Team:Paris Saclay/Notebook/July/27

Wednesday 27th July

Lab work

Visualization

Transformation of DH5a cells

By Léa

DH5a were transformed with pPS16_001, pPS16_002, pPS16_005, or pPS16_009 using the usual protocol. pPS16_002 ligation products of the 19th of July and the 27th of July were used. pPS16_001, pPS16_005 and pPS16_009 ligation products of the 26th of July were used. The Heat shock were performed at 42°C during 60 seconds.

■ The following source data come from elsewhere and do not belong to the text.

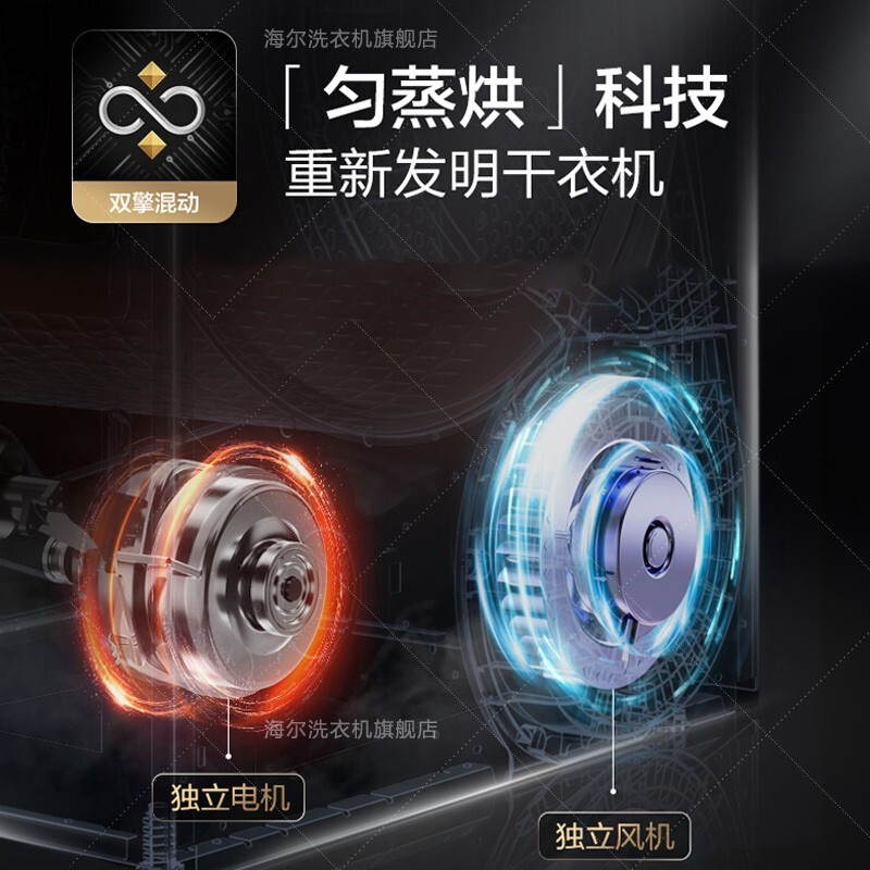 海尔这款型号为HBNS100-FQ176U1的热泵烘干机属于纤美系列,拥有10kg容量,通过独立电机控制内筒,实现1:1正反转,减少衣物缠绕让烘干更彻底;另外还有独立风机控制风扇,实现无极变速送风;搭载Hybrid混动速热技术,升温更快,节省烘干时间;带有微蒸汽空气洗功能,通过超声波雾化技术带走异味、灰尘;配备四重线屑过滤,可高效滤除宠物毛发、皮屑、浮尘、毛絮等附着物;门窗左右可调,产品尺寸为600*595*850mm(深*宽*高)。
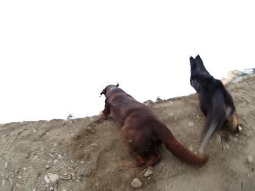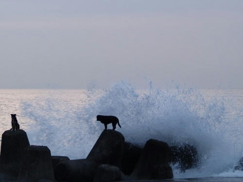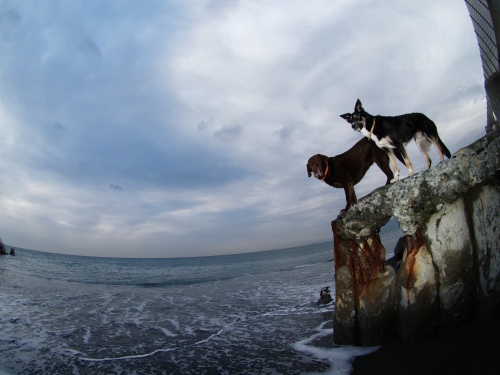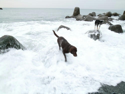 きょうも風が強いんだけどまた波を避けながらここまで来た。こっちに来るわけは、こっちだけが砂浜だからで、ウサは嬉しくて走り回ってボクにアタックして来るから少しメイワク。このちょっと高いところでおやつを少し食べてからまた引き返すんだよね。
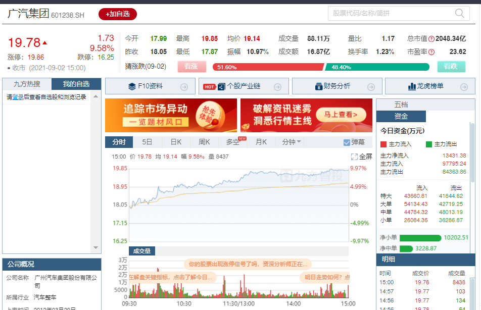 6.而受此消息发酵影响,目前广汽埃安母公司广汽的股票近日大涨近10%,一并创造近年来最高市值记录,令人称奇。
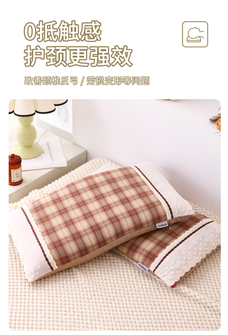 大熊枕芯 2025新款 全棉花边荞麦枕 格子花边-咖
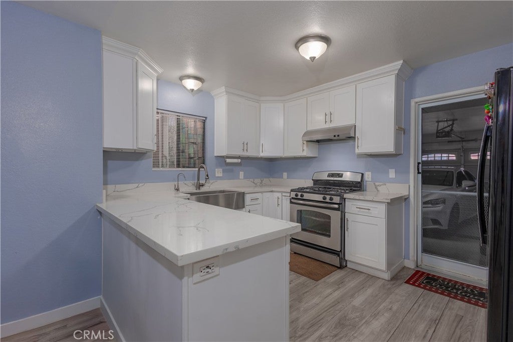 Welcome to your stunning Condominium move-in ready. This beautiful and cozy home features 3 Spacious Bedrooms & 1.5 Baths. The Living Room has an open space concept with Large Windows and Brand-New laminate flooring. Master Bedroom has plenty of Closet space and connects to Bath with a Large Vanity Countertop & Stand-Up Shower. As you make your way out from the Master's Bedroom, Offers a Large Private & Covered Balcony Room for Relaxation. The 1 Car Garage has Direct Access to the Newly Remodeled Kitchen, Quartz Countertops, Custom Cabinets & Pantry, Ceiling Fans with Lights Throughout, Beautifully Laid New Flooring, Baseboards, In Home Laundry Room. The Front Fenced and Covered L Shape Patio. This condominium is Minutes away from Schools, Fwys and shopping center and Markets...

After a one hour incubation, transformation products were streaked on Petri dishes containing Ampicilin, X-Gal and IPTG, and incubated at 37°C overnight.

Biobrick Characterization

BL21 electrocompetent cells preparation for glycerol preparation

By Charlène

We obtained transformed bacteria for every conditions made yesterday (except for controls).

Colonies of BL21 transformed with pcl_TAA and K1372001
Colonies of BL21 transformed with pcl_TAG and K1372001
Colonies of BL21 transformed with pcl_Tq and K1372001


We wanted to have glycerol stock of our transformed bacteria so we had to make a pre-culture. 3 clones of each condition were put in 2mL of LB + Streptomycin (50µg/mL) + Chloramphenicol (30µg/mL) medium. They were incubated overnight at 37°C, 180 rpm.